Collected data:

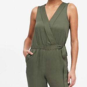 Banana Republic Sleeveless Army Green Surplice Wrap Front Jumpsuit Pantsuit Sz 8
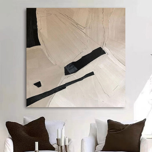 Minimalist Black and White Abstract Oil Painting for Contemporary Home Decor
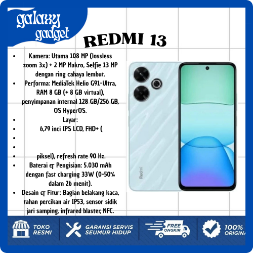 XIAOMI REDMI 13 8/128 GB - 13 RAM 8GB ROM 128GB RESMI
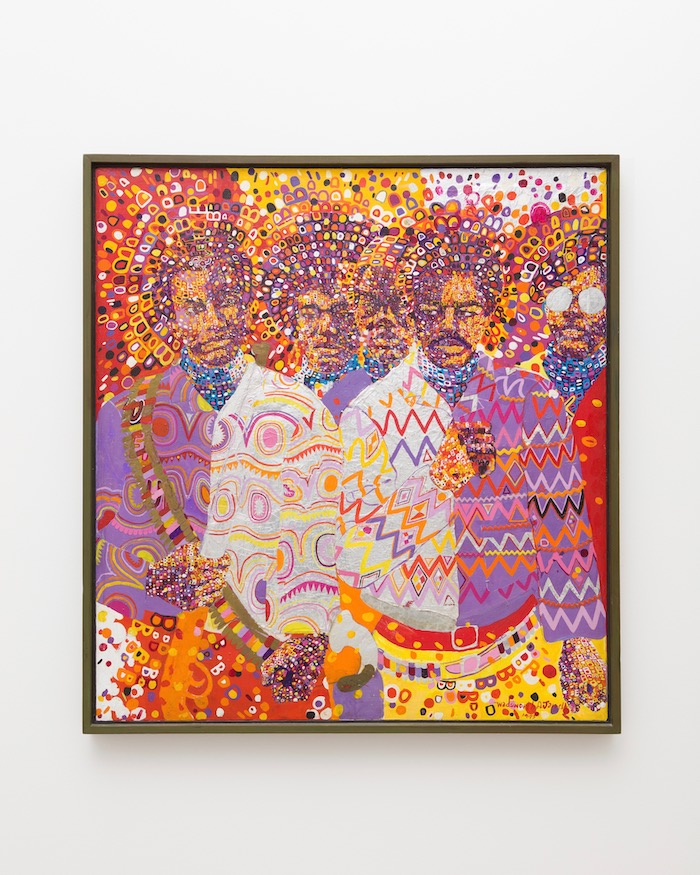 Modern abstractions, portraiture, and a room devoted to Betye Saar fill the last galleries of Soul of a Nation. With the exception of Martin Puryear’s sculpture that stands guard in the lobby of the Broad (but is easily overlooked), the purely abstract art is the weakest link in the show. Without the context of meaning that substantiates most of the other work, the large canvases seem untethered, particularly as single representations by each artist. The portraits, however, fare much better. The paintings by Barkley Hendricks from the mid-seventies are knockouts, finding the sweet spot between abstraction and figuration. What’s Going On is a stunning assembly of four elegantly attired white clad figures flanking a naked woman and set against a stark white background. Hendrix paints the figures as both formal and serene, somewhat Egyptian in their flat and simplified shapes.
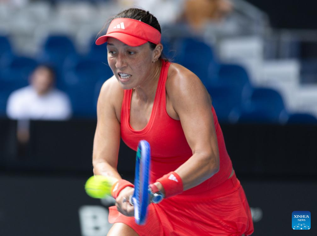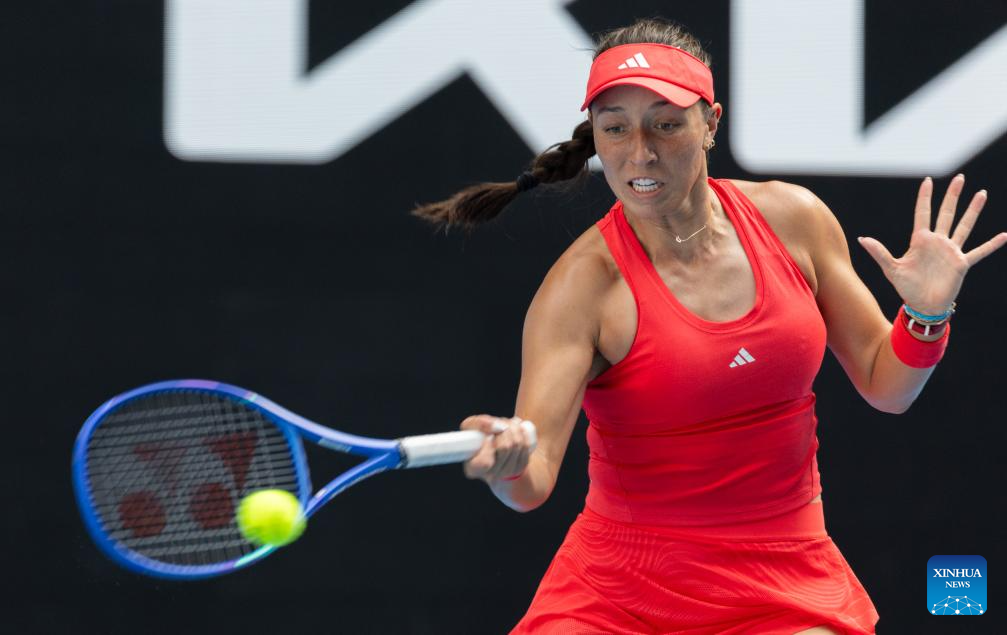 Jessica Pegula hits a return during the women's singles first round match between Jessica Pegula of the United States and Maya Joint of Australia at Australian Open tennis tournament in Melbourne, Australia, Jan. 13, 2025. (Photo by Hu Jingchen/Xinhua)

## To do
Starting at the line above that holds "Minimalist Black and", return each line up to and including the one that holds "XIAOMI REDMI 13", exactly as written, minus any pictures.

## Response box
 Minimalist Black and White Abstract Oil Painting for Contemporary Home Decor
 XIAOMI REDMI 13 8/128 GB - 13 RAM 8GB ROM 128GB RESMI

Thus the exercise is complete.